Internado en el State Criminal Lunatic Asylum, dependiente del Betlhem Hospital, Richard Dadd dio por terminada su misión de mayal del dios y volvió a su oficio de pintor.
Produjo obras de diseño minucioso y propósito inquietante, cómo su Oberon y Titania, la perturbadora acuarela titulada The child's problem, o su serie sobre las pasiones humanas.
También efectuó apuntes plácidamente sombríos de la rutina manicomial. Pero, sin duda, la más memorable de sus creaciones fue el pequeño óleo (55 cm x 40 cm) en el que se retrata de una vez por todas el magistral golpe del leñador mágico, cuya realización le ocupó casi 10 años y que dejó inacabado al ser trasladado al manicomio de Broadmoor.
En un escenario de abigarramiento obsesivo, pintado al microscopio, sin huecos ni alivio, el anónimo leñador se dispone eternamente a descargar su hachazo definitivo sobre una gigantesca castaña. Diversos personajes de fábula, elegantemente hechizados o grotescos, margaritas atentas, juncos, frutos caídos, observan con aliento suspenso la ejecución de lo inminente. Quizá esperen ser rescatados por ese sacrificio a la vez implacable e incruento, duplicación misteriosa de aquel otro, sanguinario, que los esclavizó en el jardín alucinante.

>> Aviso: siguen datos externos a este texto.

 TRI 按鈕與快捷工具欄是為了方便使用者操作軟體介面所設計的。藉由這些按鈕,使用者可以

Es la vivencia desgarradora del tiempo en la acción lo que está allí pintado, como bien resume Octavio Paz en su comentario de la obra: "La espera es eterna: anula el tiempo; la espera es instantánea, está al acecho de lo inminente, de aquello que va a ocurrir de un momento a otro: acelera el tiempo".
Eterno retorno de lo mismo tan raudo que ni siquiera llega a ocurrir la primera vez, y así consigue su particular infinitud, juntamente opresiva y fascinadora. En el pequeño óleo no se distingue ni una pincelada: las figuras no parecen pintadas, sino injertadas en un decorado tangible.

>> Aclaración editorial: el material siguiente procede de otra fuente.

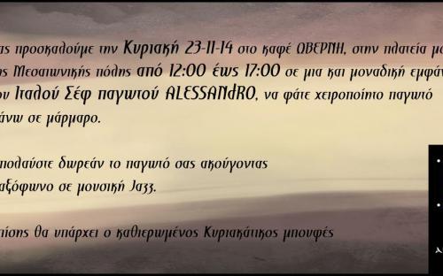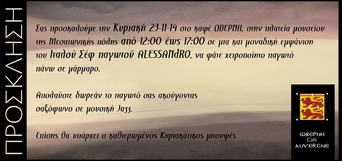 - ΑΠΟΛΑΥΣΤΕ ΤΗΝ ΕΡΧΟΜΕΝΗ ΚΥΡΙΑΚΗ 23 ΝΟΕΜΒΡΙΟΥ ΑΠΟ 12.00 ΕΩΣ 17.00, ΠΑΓΩΤΟ ΣΕ ΜΑΡΜΑΡΟ - ΔΙΑ ΧΕΙΡΟΣ ΤΟΥ ΙΤΑΛΟΥ ΣΕΦ ΠΑΓΩΤΟΥ ALESSANDRO!

Trasladado a Broadmoor, Richard Dadd regaló su obra maestra inacabada a uno de sus enfermeros. En su nueva penitenciaría sobrevivió aún 21 años, hasta el 8 de enero de aquel 1886.
Oh tú, visitante de la Tate Gallery, detente un momento ante este momento detenido del leñador mágico, reflexiona sobre el peso de lo irrevocable y da gracias por tu frágil cordura al oscuro destino que ignoras.